Background

Tramadol is a widely used synthetic opioid for moderate to severe pain. Some studies have shown that tramadol can increase oxidative stress in different tissues of the body. Quercetin is also a substance with various biological effects, including antioxidant, anti-inflammatory, hepatoprotective, nephroprotective, and cardioprotective activities.
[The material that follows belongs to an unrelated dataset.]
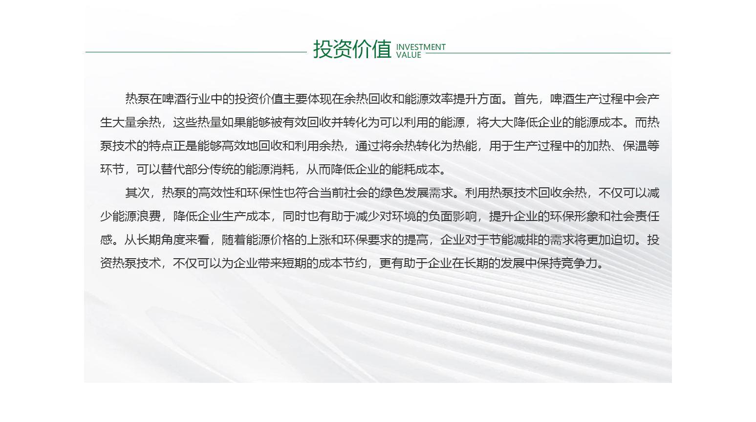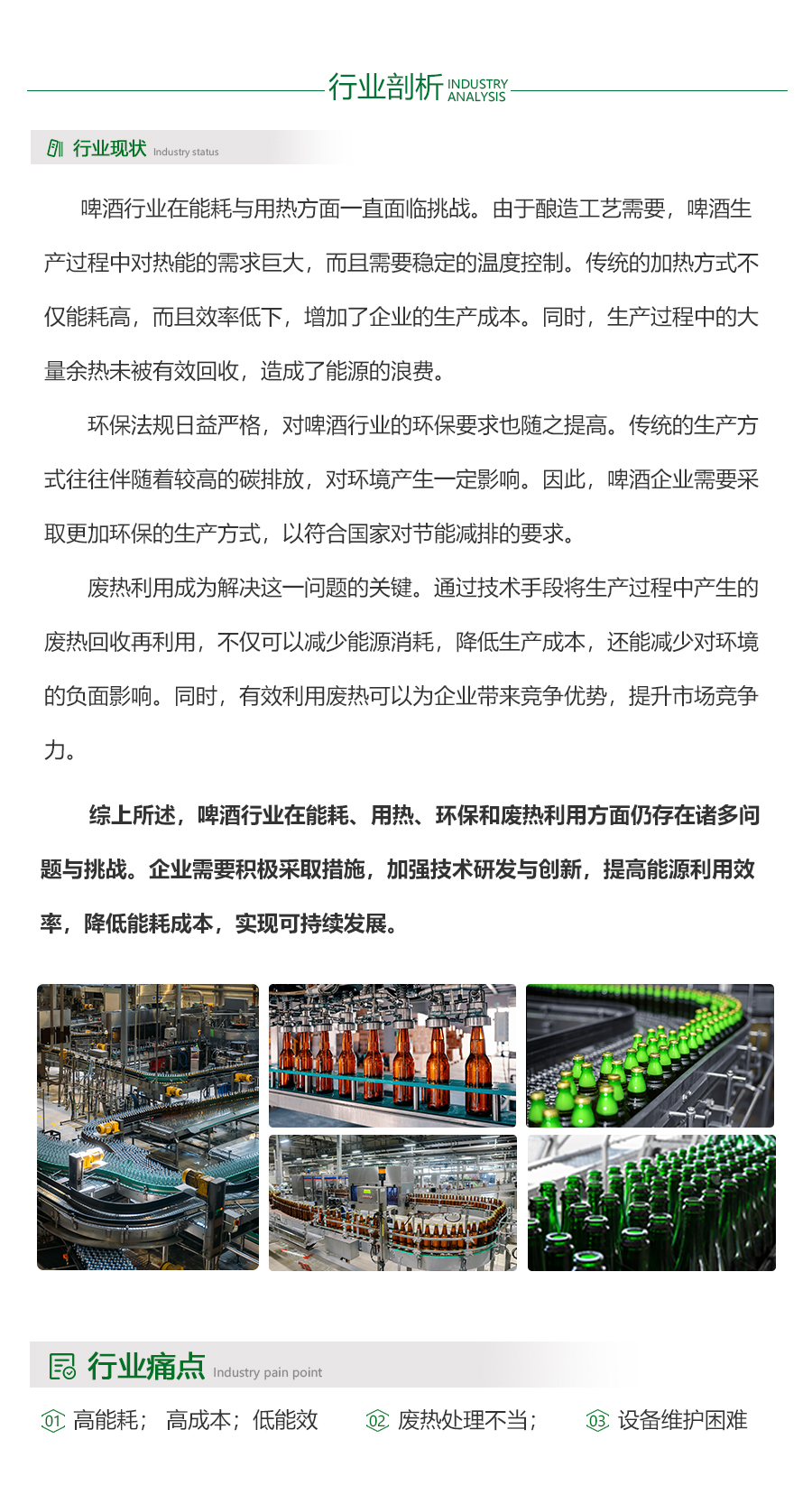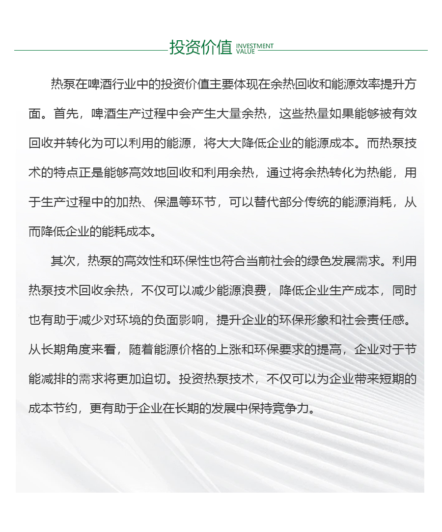 - 啤酒行业目前的用热状况普遍存在高能耗问题,生产过程中大量热能被消耗,同时废热往往未能得到有效利用,导致能源浪费严重。这种现状不仅增加了企业的能源成本,还对环境造成了负担。废热处理不当是行业面临的一大挑战,许多企业缺乏高效的废热回收和利用技术,使得原本可以转化为有用能源的废热被白白排放。因此,提高能效、降低能耗、加强废热利用成为啤酒行业亟待解决的问题。只有通过技术创新和设备升级,才能实现能源的高效转化和利用,推动行业的绿色可持续发展。

The current investigation aimed at determining the effects of quercetin, with or without naloxone, on tramadol intoxication.

Methods

This study was performed on 30 male Wistar rats divided into five groups: Group I) control group: intraperitoneal injections of normal saline 0.9% for 14 days; Group II) tramadol: 25 mg/kg for 14 days, and then a 50 mg/kg acute dose injection on the last day; Group III) acute quercetin (single dose): tramadol injection as with the second group plus 100 mg/kg of quercetin on the last day; Group IV) chronic quercetin: tramadol injection similar to the second group plus quercetin 100 mg/kg for 14 days; Group V) quercetin plus naloxone: tramadol injection similar to the second group plus injection of quercetin 100 mg/kg + intravenous naloxone 2 mg/kg on the last day, followed by a 4 mg/kg/h injection of naloxone for six hours. The rats were monitored for six hours on the last day, relating to the number and severity of seizures. Finally, the samples were prepared for biochemical investigation of the serum level of oxidative stress markers (MDA, SOD, NOx), inflammatory factors (IL-6, TNF-α), biochemical parameters (ALT, AST, creatinine, glucose) and hematological assay. The liver, heart, kidney, cortex, cerebellum, and adrenal tissues were collected to investigate the redox state.

Results

None of the treatments had positive effects on the number and severity of seizures. Chronic administration of quercetin led to alteration of some blood parameters, including reduced hemoglobin level and elevated platelet counts. Acute on chronic tramadol administration resulted in a significant rise in AST, where different treatments failed to reduce their levels down to the control group.

Conclusion

chronic administration of quercetin showed decreased oxidative/nitrosative stress in the liver, kidney, adrenal, and heart tissues. Quercetin plus naloxone decreased oxidative stress in the heart and adrenal tissues, but adverse effects on the brain cortex and hepatic function. Single-dose quercetin reduced cardiac oxidative stress.